When Billy awoke the day was just breaking. He stretched himself, yawned, sat up, and looked about him with the confused air of one not quite awake.
“Hallo!” he cried gaily, “where on earth am I?”
“You ain’t on earth, lad; you’re afloat,” replied Jones, who still sat at the helm.
At once the boy remembered everything, and shrank within himself. As he did so, he observed the pilot-coat which covered him, and knew that it must have been placed where it was by Jones. His resolution to hold out was shaken; still he did not give in.

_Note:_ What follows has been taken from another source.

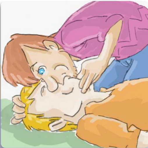
Figura 11: Administre dos respiraciones y compruebe que el pecho se levanta.

Mr Jones now began to comment in a quiet good-natured way upon the weather and the prospects of the voyage (which excited Billy’s curiosity very much), and suggested that breakfast would not be a bad thing, and that a drop o’ rum might be agreeable, but took care never to make his remarks so pointed as to call for an answer. Just as the sun was rising he got up slowly, cast loose the stays and halyards of mast and sail, lifted the mast out of its place, and deliberately hove the whole affair overboard, remarking in a quiet tone that, having served his purpose, he didn’t want mast or sail any longer. In the same deliberate way he unshipped the rudder and cast it away. He followed this up by throwing overboard one of the oars, and then taking the only remaining oar, he sculled and steered the boat therewith gently.

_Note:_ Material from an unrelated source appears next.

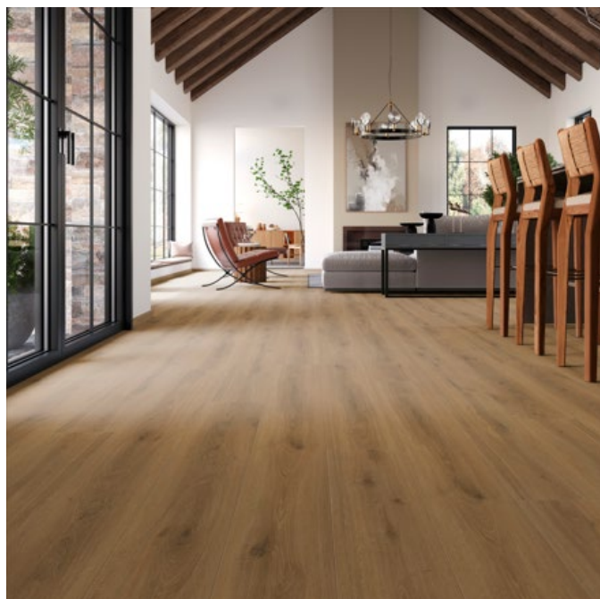
ELITO TREND Eiche Caramel

Billy, who thought his companion must be either drunk or mad, could contain himself no longer.
“I say, old fellow,” he remarked, “you’re comin’ it pretty strong! Wot on earth are you up to, and where in all the world are ’ee goin’ to?”

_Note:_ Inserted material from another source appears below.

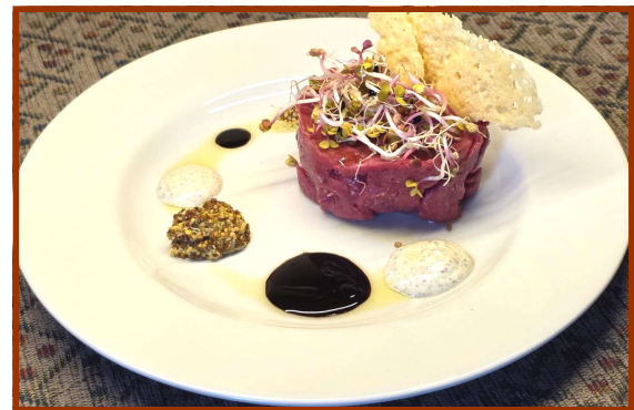
Tartare del Gran Ducato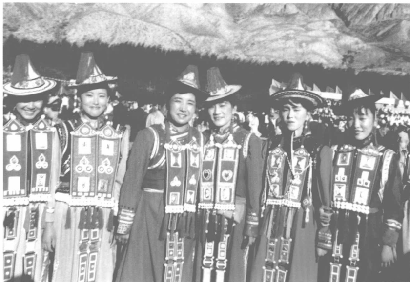
裕固族妇女

“Oh come, you know,” answered Jones in a remonstrative tone, “I may be an easy-goin’ chap, but I can’t be expected to tell all my secrets except to friends.”
“Well, well,” said Billy, with a sigh, “it’s no use tryin’ to hold out. I’ll be as friendly as I can; only. I tells you candid, I’ll mizzle whenever I gits ashore. I’m not agoin’ to tell no end o’ lies to please you any longer, so I give ’ee fair warning,” said Billy stoutly.
“All right, my lad,” said the wily Jones, who felt that having subdued the boy thus far, he would have little difficulty in subduing him still further, in course of time, and by dint of judicious treatment; “I don’t want ’ee to tell lies on my account, an’ I’ll let you go free as soon as ever we get ashore. So now, let’s shake hands over it, and have a glass o’ grog and a bit o’ breakfast.”